The team that Nikzad has built is critical not only to the financing of the project but also to advancing the movement of psychedelics across the U.S. and the world. “There is an overflow of people who want to work with us. It’s been very humbling,” says Nikzad of the group of investors that includes cryptocurrency investors, venture capitalists, pro athletes, and even one Olympic athlete. “All our investors have a story too,” he adds.
“Our team is made up of people who have been in the FDA space for 30 years, doctors, chemists, lawyers, and people who once had ‘human jobs’ and are now living their dharma, their purpose in life,” Nikzad adds that it’s important to him that everyone who invests in or works for Orthogonal Thinker has a relationship with plant-medicine and their products.

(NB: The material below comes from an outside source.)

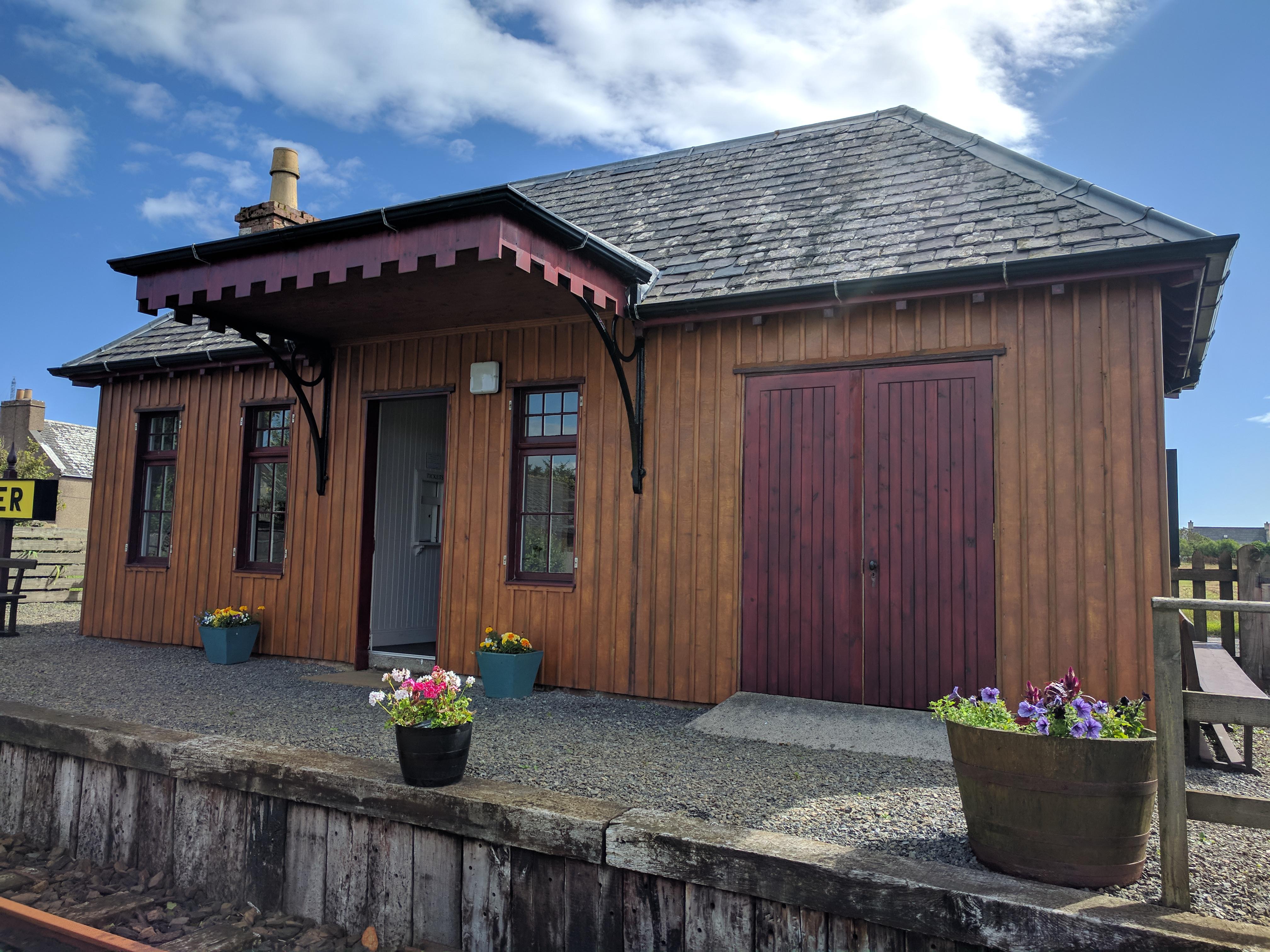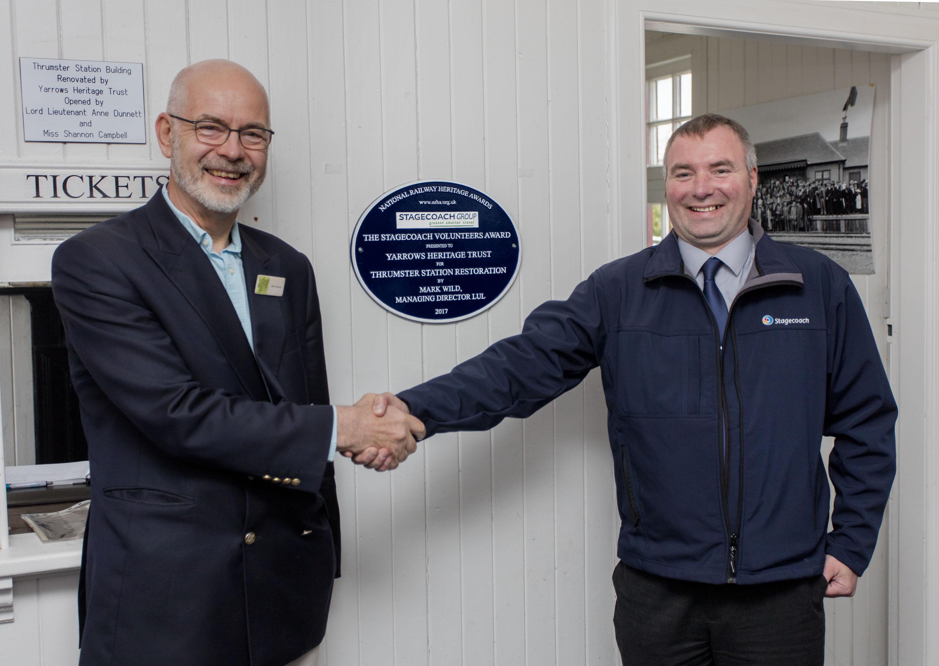 The Wick & Lybster Light Railway – located in the far north of Scotland – was a line that disappeared before Nationalisation. However, the successful restoration of one of the route’s surviving structures was marked at the 2017 National Railway Heritage Awards – held in December 2017 – when the Yarrows Heritage Trust was awarded the Stagecoach Volunteers Award for the superb work in bringing the building back into use. The plaque for the award was formally unveiled on Tuesday 21 August 2018 by John Gunn of sponsors Stagecoach. As the citation at the award ceremony commented: ‘The restoration of this station from a long closed line has been completed to a high standard. It is gratifying to see such an historic structure brought back into use and all involved can look back with pride on a project brought to an extremely successful conclusion.’

When Green Market Report asked Nikzad whether the cannabis movement has set the stage for the success of the psychedelics movement, he said, “In some regards, cannabis has been a gateway, but has taught us what not to do, and where to shift. We focus on compliance and medical efficacy.”
Nikzad describes what Orthogonal Thinker is doing as the “new standard of pharma”, seeing a future where physicians will be confident in prescribing products like Psilly to their patients. “These are beautiful medicines that are plant-based,” he says, “These are not synthetic products or ‘designer drugs’ this is all about plant medicine nutraceuticals where you’re getting the benefits of whole plant alkaloids.”
A daily microdoser himself, Nikzad believes wholeheartedly in the benefits of psilocin for health and wellbeing, “This product is in my bloodstream and it makes me operate from a place of empathy, with an open heart and mind.”: a lot more of what the world could use these days.